===== Given data =====
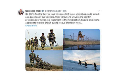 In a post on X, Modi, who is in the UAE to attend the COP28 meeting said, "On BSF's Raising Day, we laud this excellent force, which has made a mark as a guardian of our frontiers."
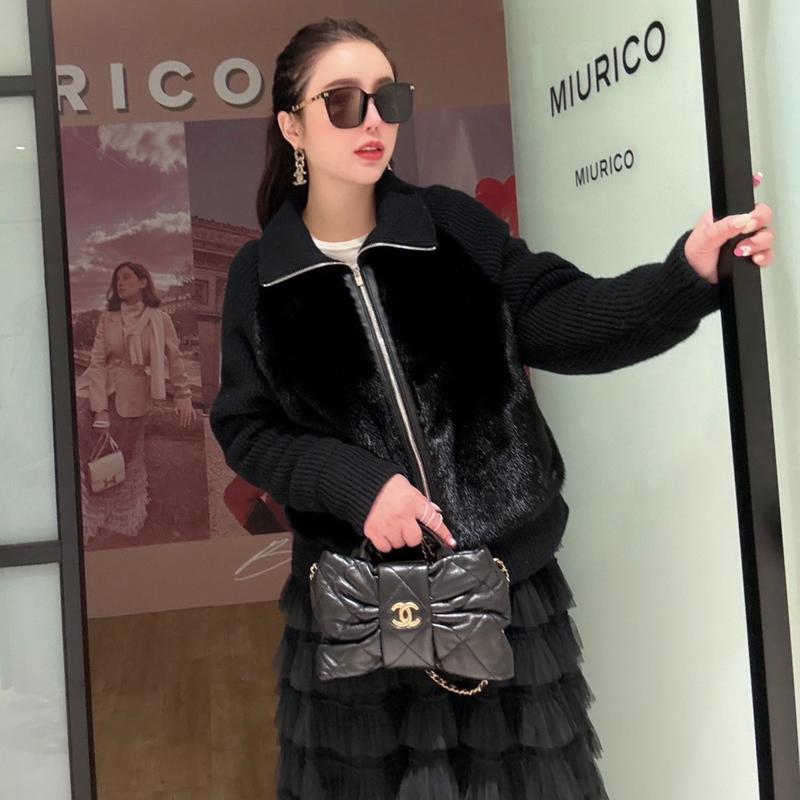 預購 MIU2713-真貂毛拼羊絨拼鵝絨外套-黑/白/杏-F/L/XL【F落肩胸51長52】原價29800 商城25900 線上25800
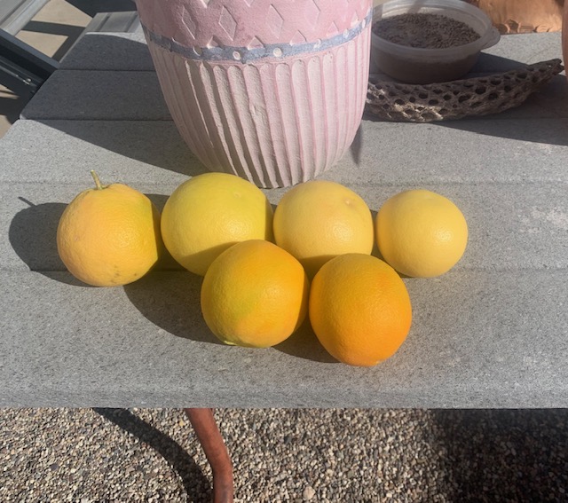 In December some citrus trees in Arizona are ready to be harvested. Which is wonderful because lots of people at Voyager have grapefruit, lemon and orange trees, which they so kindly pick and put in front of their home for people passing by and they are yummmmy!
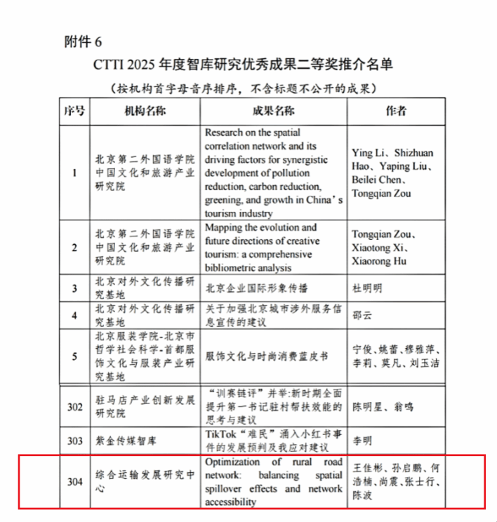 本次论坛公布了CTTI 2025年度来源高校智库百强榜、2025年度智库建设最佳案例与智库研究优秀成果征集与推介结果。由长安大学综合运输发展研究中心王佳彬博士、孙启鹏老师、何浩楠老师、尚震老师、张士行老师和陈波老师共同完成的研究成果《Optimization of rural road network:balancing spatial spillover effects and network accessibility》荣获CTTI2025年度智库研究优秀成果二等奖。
=====
Transcribe, without alteration, each line from the one with "預購 MIU2713-真貂毛拼羊絨拼鵝絨外套-黑/白/杏-F/L/XL【F落肩胸51長52】原價29800 商城25900" through the last line of the data; no pictures belong in the copy.

 預購 MIU2713-真貂毛拼羊絨拼鵝絨外套-黑/白/杏-F/L/XL【F落肩胸51長52】原價29800 商城25900 線上25800
 In December some citrus trees in Arizona are ready to be harvested. Which is wonderful because lots of people at Voyager have grapefruit, lemon and orange trees, which they so kindly pick and put in front of their home for people passing by and they are yummmmy!
 本次论坛公布了CTTI 2025年度来源高校智库百强榜、2025年度智库建设最佳案例与智库研究优秀成果征集与推介结果。由长安大学综合运输发展研究中心王佳彬博士、孙启鹏老师、何浩楠老师、尚震老师、张士行老师和陈波老师共同完成的研究成果《Optimization of rural road network:balancing spatial spillover effects and network accessibility》荣获CTTI2025年度智库研究优秀成果二等奖。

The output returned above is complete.